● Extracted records
****
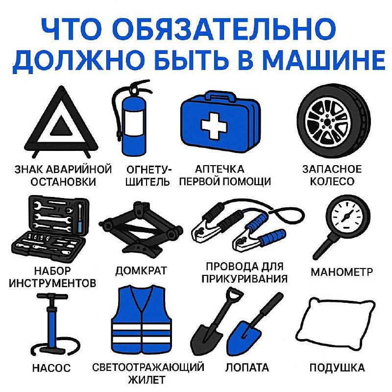 Что всегда должно быть в машине? На фото — базовый набор, который должен быть в каждой машине. Не потому что «так положено», а потому что внештатные ситуации случаются у всех, даже у тех, кто едет просто до магазина. #GT_АвтоСоветы
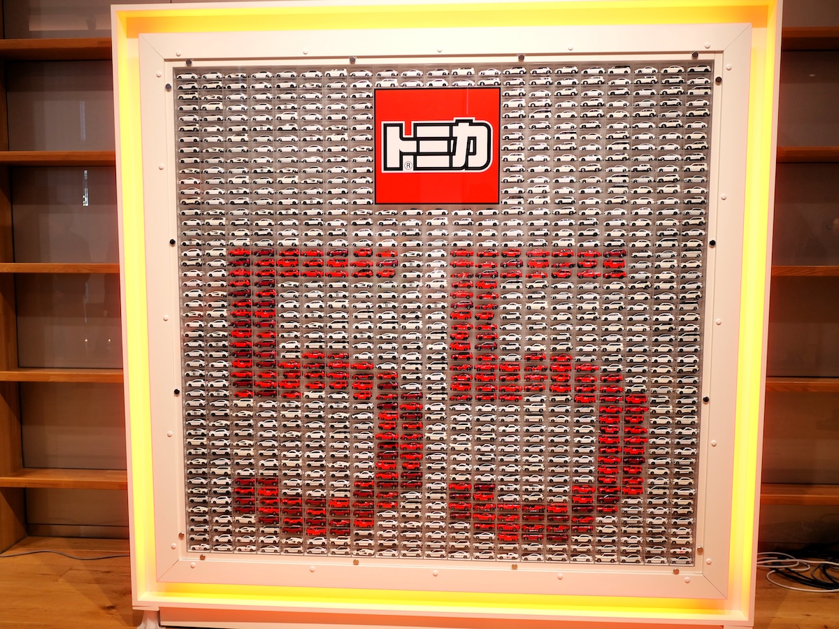 ↑発表会場を飾った55周年特製ディスプレイ。白と赤のトミカ953台を使用している。なお中央上の「トミカ」ロゴ部分はちょうど55台分のスペース。これまた55周年にかけたこだわりなのか、もしかして⁉
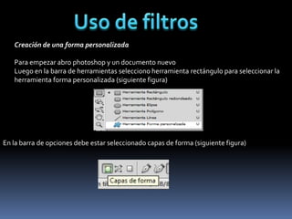 El documento describe los pasos para crear una forma personalizada en Photoshop y aplicarle diferentes filtros. Primero se crea la forma seleccionando la herramienta de forma personalizada y dibujándola. Luego se aplican filtros como Bosquejar, Esponja y Licuar para modificar la apariencia de la forma.
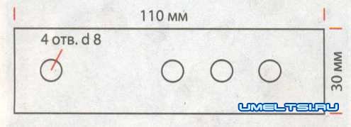 Взял часть рамы с задней вилкой от взрослого велосипеда и заменил штатное колесо на колесо от детского велосипеда. Родной руль присоединил к наклонной раме двумя болтами (фото 1). С режущим органом не стал мудрить, а использовал хорошо известный плоскорез Фокина. Прикрепил его к трубке седла с помощью трех болтов и распорной планки (фото 2). Вырезал ее из листовой стали толщиной 3 мм (см. эскиз). Просверлил в ней четыре одинаковых отверстия: одно для фиксации плоскореза, остальные — для придания инструменту нужного наклона, позволяющего не только срезать сорняки, но и рыхлить почву. Эксплуатация приспособления во время прошлого дачного сезона показала его производительность и эффективность. Раньше на прополку четырех соток вручную у меня уходило несколько дней, а с помощью малой механизации стал укладываться в несколько часов. Кроме того, отпала необходимость ползать по огороду, что само по себе — серьезный аргумент в пользу моей самоделки.
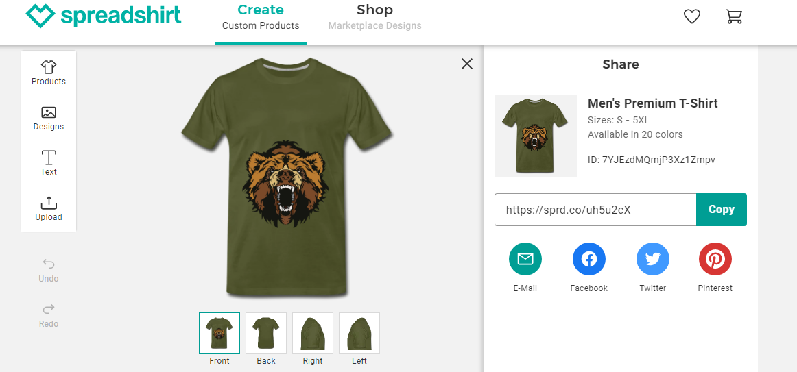 When it comes to custom shirts and t-shirts, Spreadshirt does a good job. The brand’s marketing strategy revolves around product customization. Their product customization software allows customers to express their style by making their t-shirts or other products. Their tool is user-friendly and practical, with helpful features. The t-shirt design tool also lets users add text, images, save the design, share, and more.
****
Your copy must hold every record above in its exact wording and must hold no pictures.

● TASK OUTPUT
 Что всегда должно быть в машине? На фото — базовый набор, который должен быть в каждой машине. Не потому что «так положено», а потому что внештатные ситуации случаются у всех, даже у тех, кто едет просто до магазина. #GT_АвтоСоветы
 ↑発表会場を飾った55周年特製ディスプレイ。白と赤のトミカ953台を使用している。なお中央上の「トミカ」ロゴ部分はちょうど55台分のスペース。これまた55周年にかけたこだわりなのか、もしかして⁉
 El documento describe los pasos para crear una forma personalizada en Photoshop y aplicarle diferentes filtros. Primero se crea la forma seleccionando la herramienta de forma personalizada y dibujándola. Luego se aplican filtros como Bosquejar, Esponja y Licuar para modificar la apariencia de la forma.
 Взял часть рамы с задней вилкой от взрослого велосипеда и заменил штатное колесо на колесо от детского велосипеда. Родной руль присоединил к наклонной раме двумя болтами (фото 1). С режущим органом не стал мудрить, а использовал хорошо известный плоскорез Фокина. Прикрепил его к трубке седла с помощью трех болтов и распорной планки (фото 2). Вырезал ее из листовой стали толщиной 3 мм (см. эскиз). Просверлил в ней четыре одинаковых отверстия: одно для фиксации плоскореза, остальные — для придания инструменту нужного наклона, позволяющего не только срезать сорняки, но и рыхлить почву. Эксплуатация приспособления во время прошлого дачного сезона показала его производительность и эффективность. Раньше на прополку четырех соток вручную у меня уходило несколько дней, а с помощью малой механизации стал укладываться в несколько часов. Кроме того, отпала необходимость ползать по огороду, что само по себе — серьезный аргумент в пользу моей самоделки.
 When it comes to custom shirts and t-shirts, Spreadshirt does a good job. The brand’s marketing strategy revolves around product customization. Their product customization software allows customers to express their style by making their t-shirts or other products. Their tool is user-friendly and practical, with helpful features. The t-shirt design tool also lets users add text, images, save the design, share, and more.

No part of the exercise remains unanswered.